→ **Task directions**: Below is a listing; retype exactly the lines between the one containing "Sea green silk" and the one containing "12月16日中午,东方甄选发", inclusive, minus the pictures.
[Material provided — start]
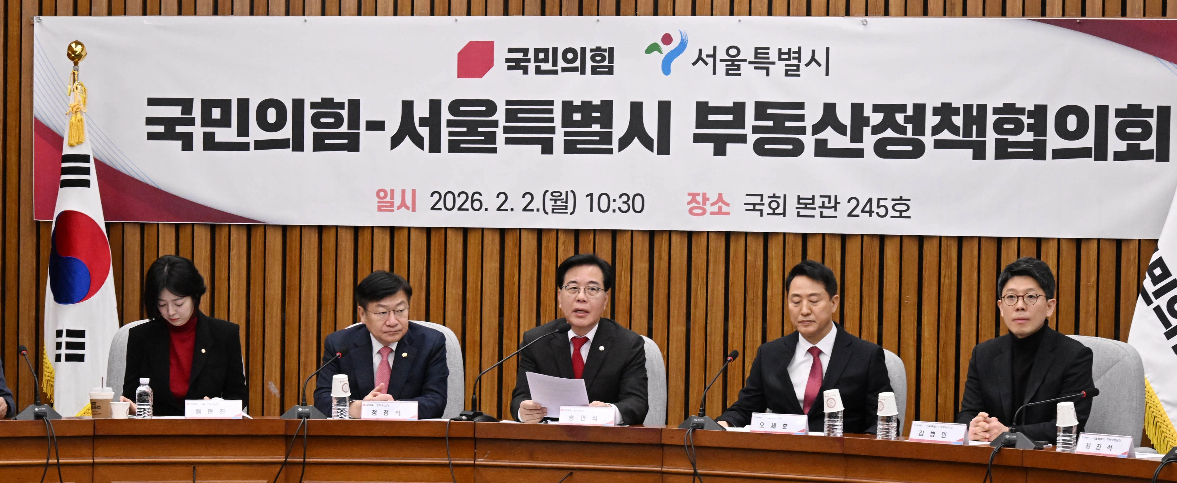 송언석 국민의힘 원내대표는 국회에서 열린 ‘국민의힘·서울시 부동산정책협의회’에서 “이재명 정권의 부동산정책 실패는 그야말로 역대급”이라며 “이 명백한 사실에도 불구하고 국민을 투기꾼 취급하면서 정당한 문제제기를 하는 야당을 ‘유치원생으로 조롱’하고 있다”고 지적했다.
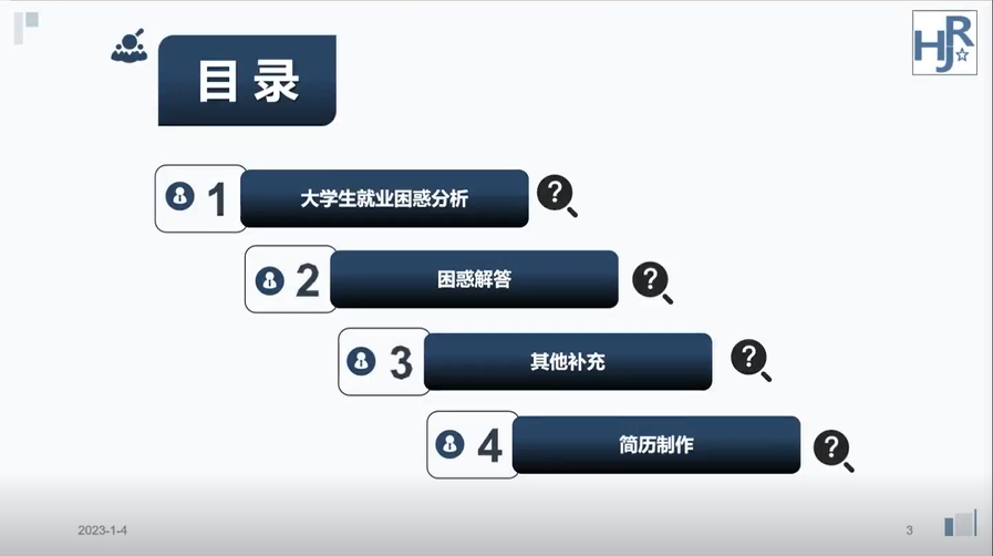 最后,何大均老师与参会同学从企业HR的视角出发,在简历制作方面进行了实例分析,明确了简历结构,强调了简历重点即亮点,描述的清楚、简洁就会更具吸引力。
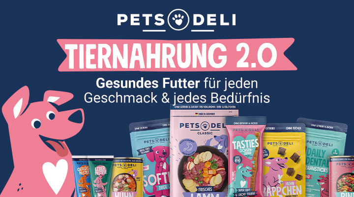 Eine abwechslungsreiche Ernährung ist wichtig für das Wohlbefinden unserer Hunde. Egal ob dabei auf Trockenfutter, Nassfutter, BARF-Menüs oder sogar fleischloses Hundefutter auf Insektenbasis zurückgegriffen wird - Pets Deli bietet eine große Auswahl an verschiedenen Futtermitteln für Hunde und Katzen.
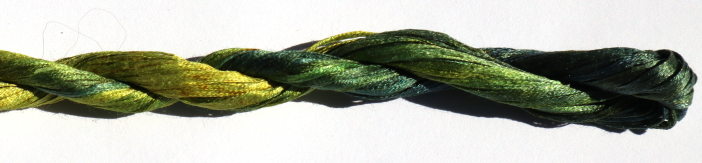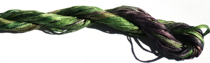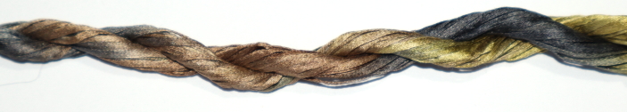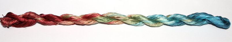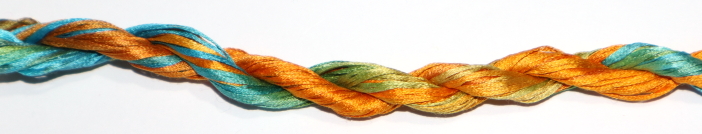 Silken Straw is a hand-dyed straw silk fibre. Silken Straw stitches beautifully into a 13 or 18 count canvas.
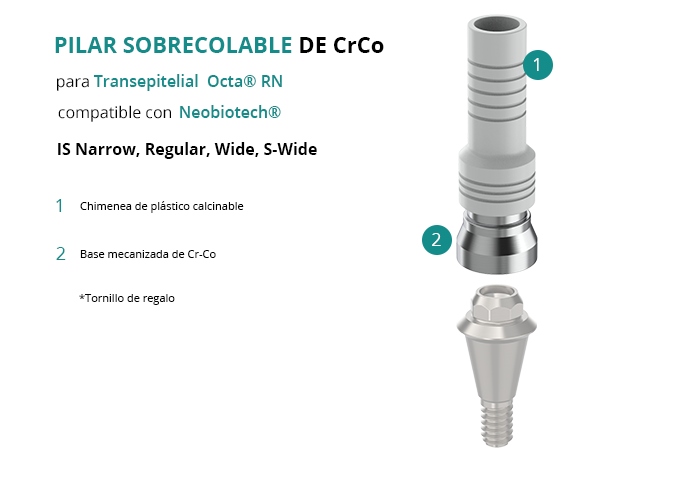 Pilar Sobrecolable de CrCo para Transepitelial Octa® RN compatible con Neobiotech® IS Narrow, Regular, Wide, S-Wide
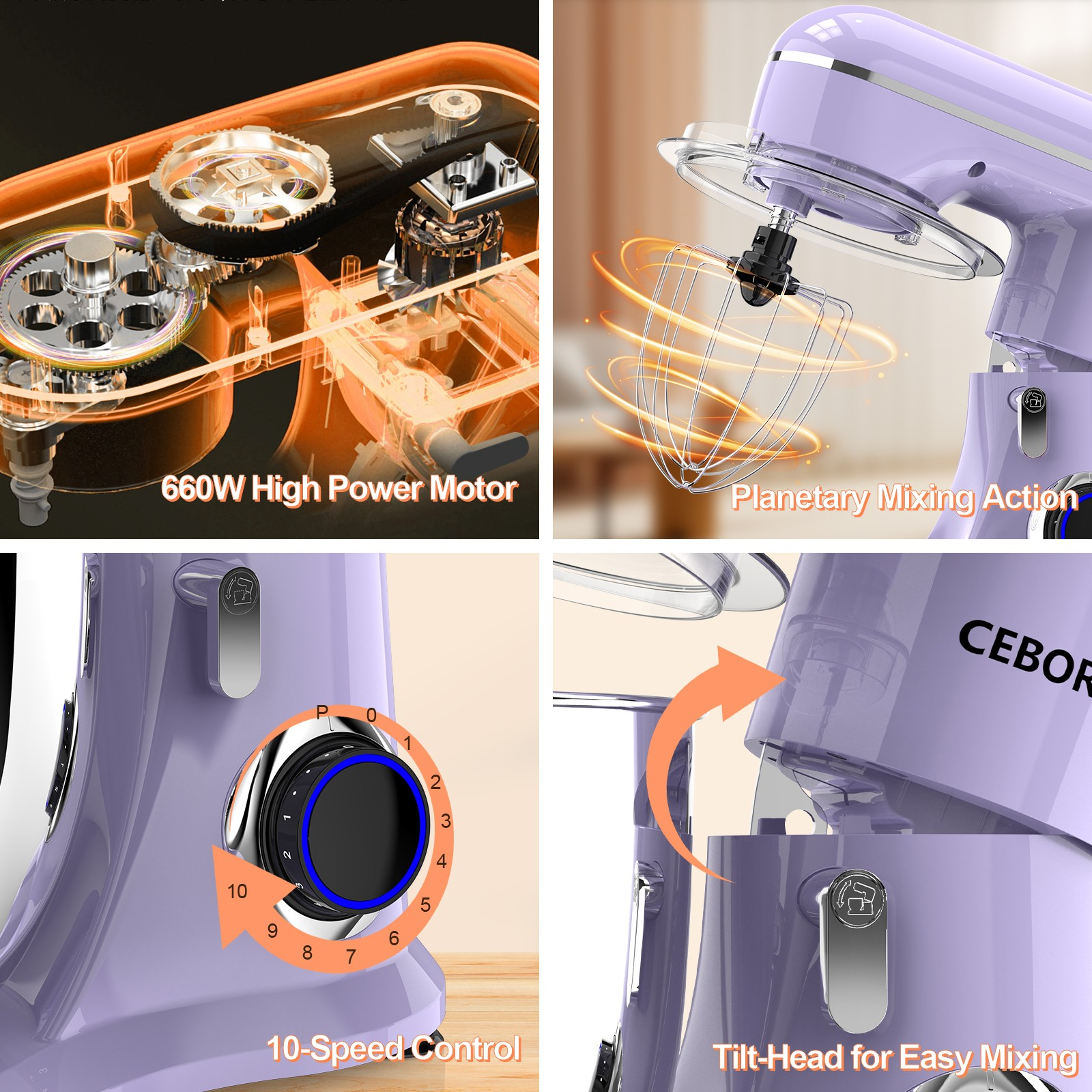 CEBORY 3-in-1 660W 10-Speed Stand Mixer – 6.5QT
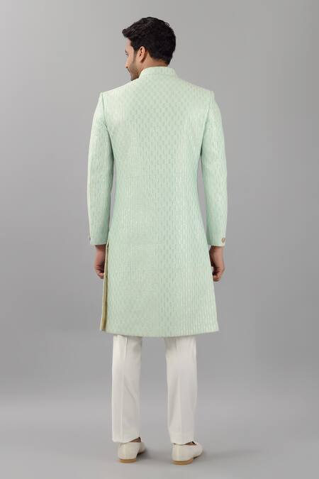 Sea green silk sherwani featuring gold sequins and tonal thread embroidery. Paired with off-white slim-fit trouser.
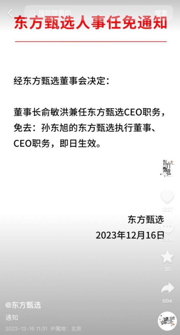 12月16日中午,东方甄选发布公告称,经东方甄选董事会决定,董事长俞敏洪兼任东方甄选CEO职务,免去孙东旭的东方甄选执行董事、CEO职务,即日生效。
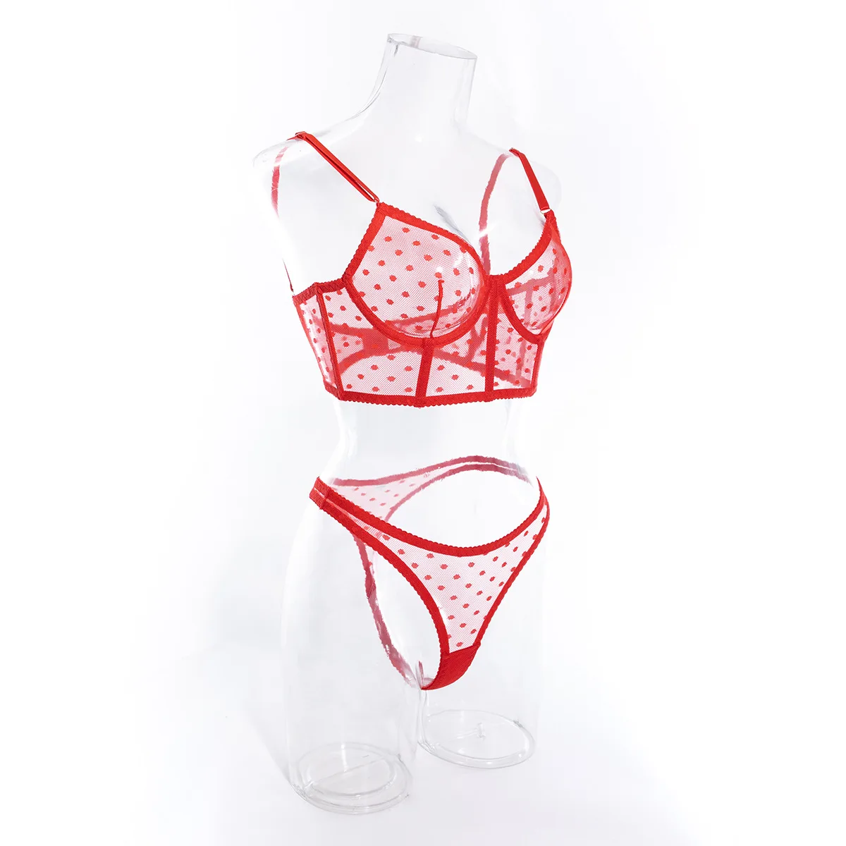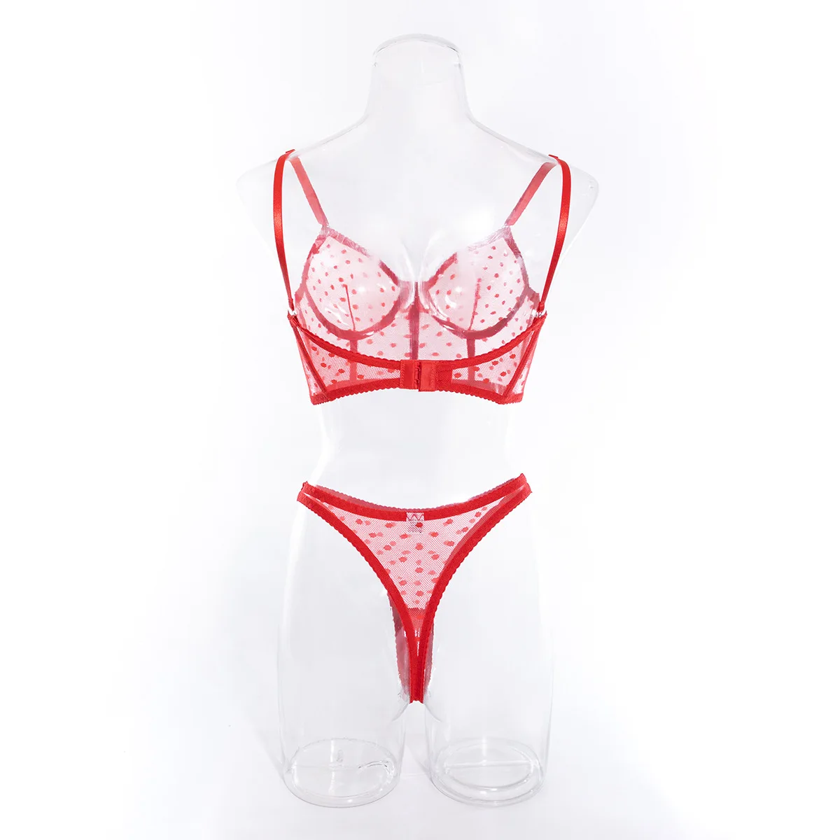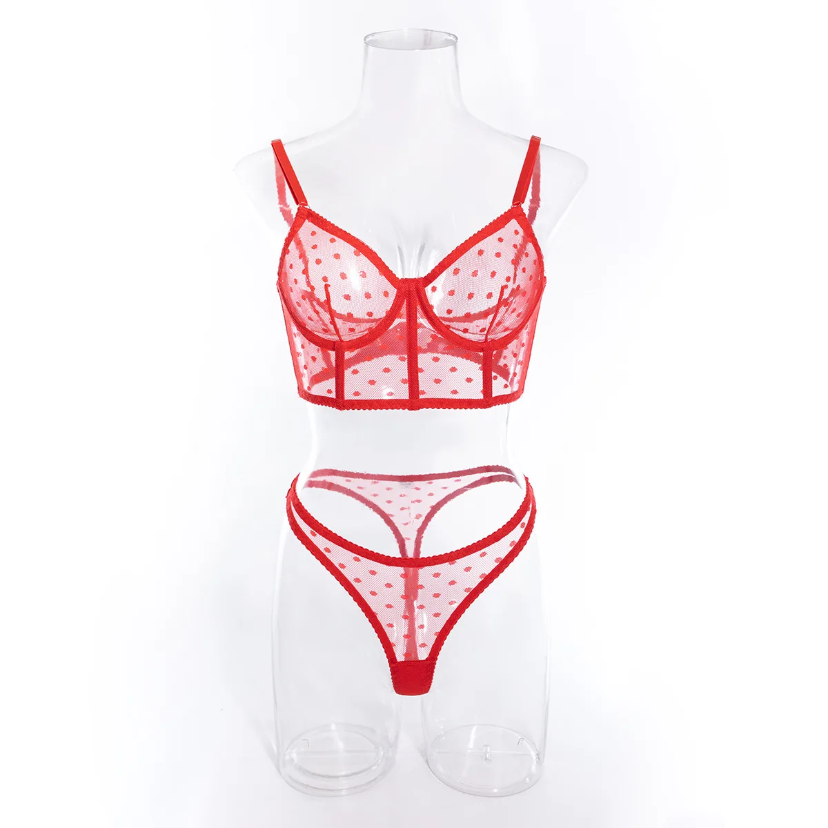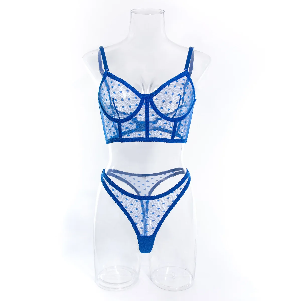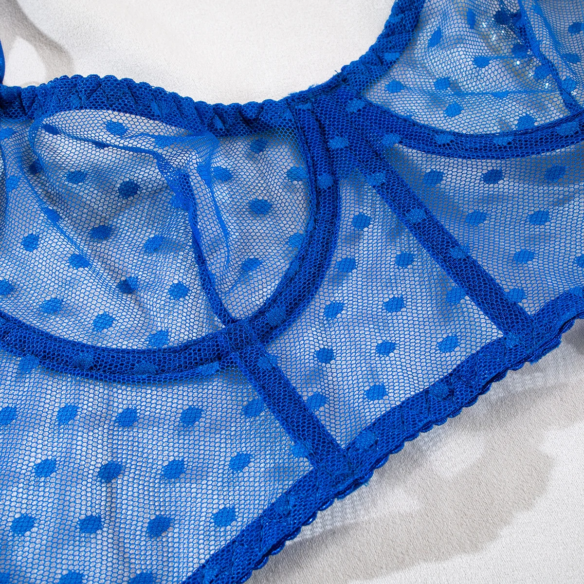 Ellolace Polka Dot Sensual Lingerie Transparent Lace Set Women 2 Piece Seamless Bilizna Set See Through Sexy Black Intimate
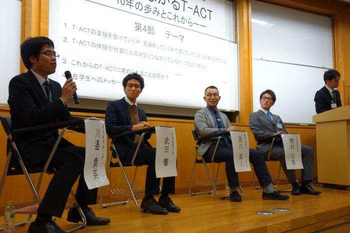 T-ACTの支援開始10周年を記念した今回の公開シンポジウムは「社会につながるT-ACT ――10年の歩みとこれから――」というテーマのもと,T-ACTの10年間の支援の成果を検証し,学生支援としての意義を再確認するイベントとなりました。
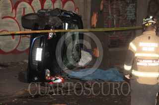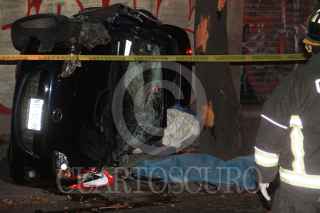Ciudad de México, 30 noviembre 2020. Dos hombres perdieron la vida al volcar el auto Mazda en que viajaban e impactaran contra un árbol, en avenida Aquiles Serdán entre Ernesto Elurdoy y Nextengo en la colonia Nextengo en alcaldía de Azcapotzalco. Foto: Luis Carbayo/cuartoscuro.com
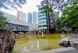 Most of the parks, plazas, and green spaces on the university's campus are owned by the university, although access to these spaces is also open to the public.[41] These spaces include Devonian Square, and Kerr Hall's quadrangle.[47] Devonian Square was designed by Toronto Parks, Forestry and Recreation Division, and was partly funded by the Devonian Group of Charitable Foundations of Calgary—who also lent the park its name.[47] The space features a reflecting pool, and large Precambrian igneous and metamorphic rocks that are approximately two billion years old from the Canadian Shield.[48] In addition to green spaces, a green roof and urban farm, initially known as the Andrew and Valerie Pringle Environmental Green Roof, was built atop George Vari Engineering and Computing Centre in 2003.[49] The urban farm operates on a five-year crop rotation, and contains 30 different crops and hundreds of cultivars.[49]
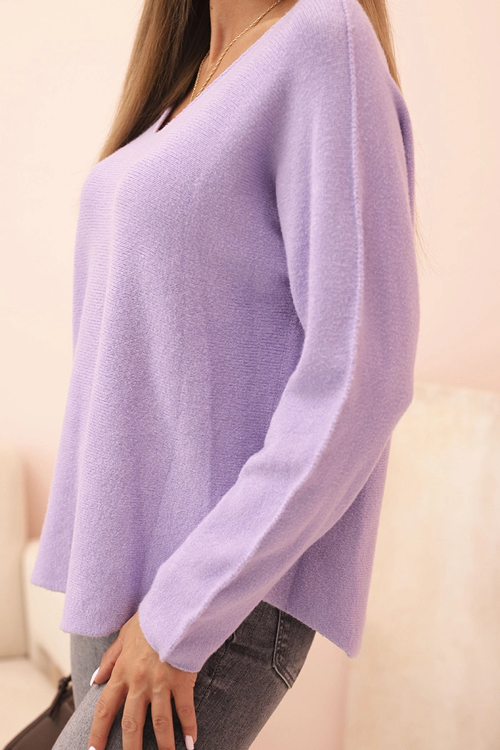 Moteriškas megztinis su viskoze V formos iškirpte violetinis
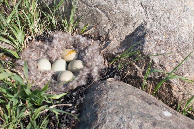Edredon potrzebny jest do ogrzania ciała, ale kiedy przychodzi czas na wylęganie jaj, dzieli się nim z potomstwem. Wyciąga strzępy z klatki piersiowej i wyściela nimi gniazdo, izolując je od zimnych kamieni. Pióra później odrosną, a gniazdo można ostrożnie „okraść", zabierając puch. Zresztą edredon nie wróci tu w przyszłym roku, a zrobi nowe gniazdo.
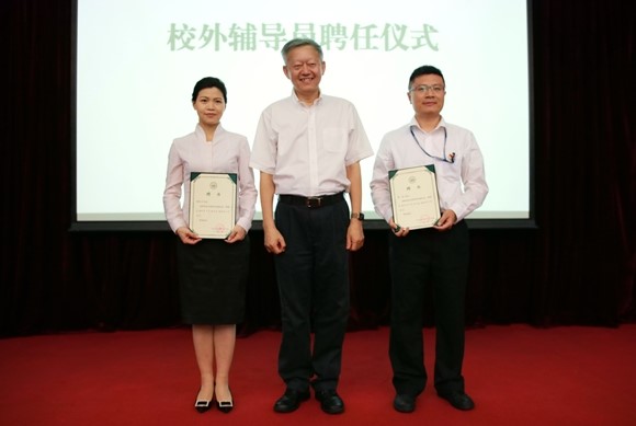 报告开始前,主办方举行了校外辅导员聘任仪式。我校聘任 “全国优秀团干”、广东电网公司团委书记杨志欣,“广州市劳动模范”、广州荔湾供电局副局长熊俊两位同志为校外辅导员,陈春声书记为他们颁发了聘书。
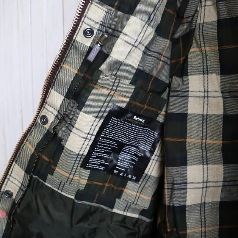 裏地にはバブアーの伝統の証であるハウスタータンチェックをあしらっており、人目を引くディティールも人気の一つです。
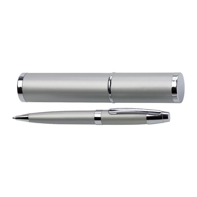 Bolígrafo metálico con tinta negra. Presentado en un estuche tubular a juego.
[Material provided — finish]
→ **Answer to this task**:
 Sea green silk sherwani featuring gold sequins and tonal thread embroidery. Paired with off-white slim-fit trouser.
 12月16日中午,东方甄选发布公告称,经东方甄选董事会决定,董事长俞敏洪兼任东方甄选CEO职务,免去孙东旭的东方甄选执行董事、CEO职务,即日生效。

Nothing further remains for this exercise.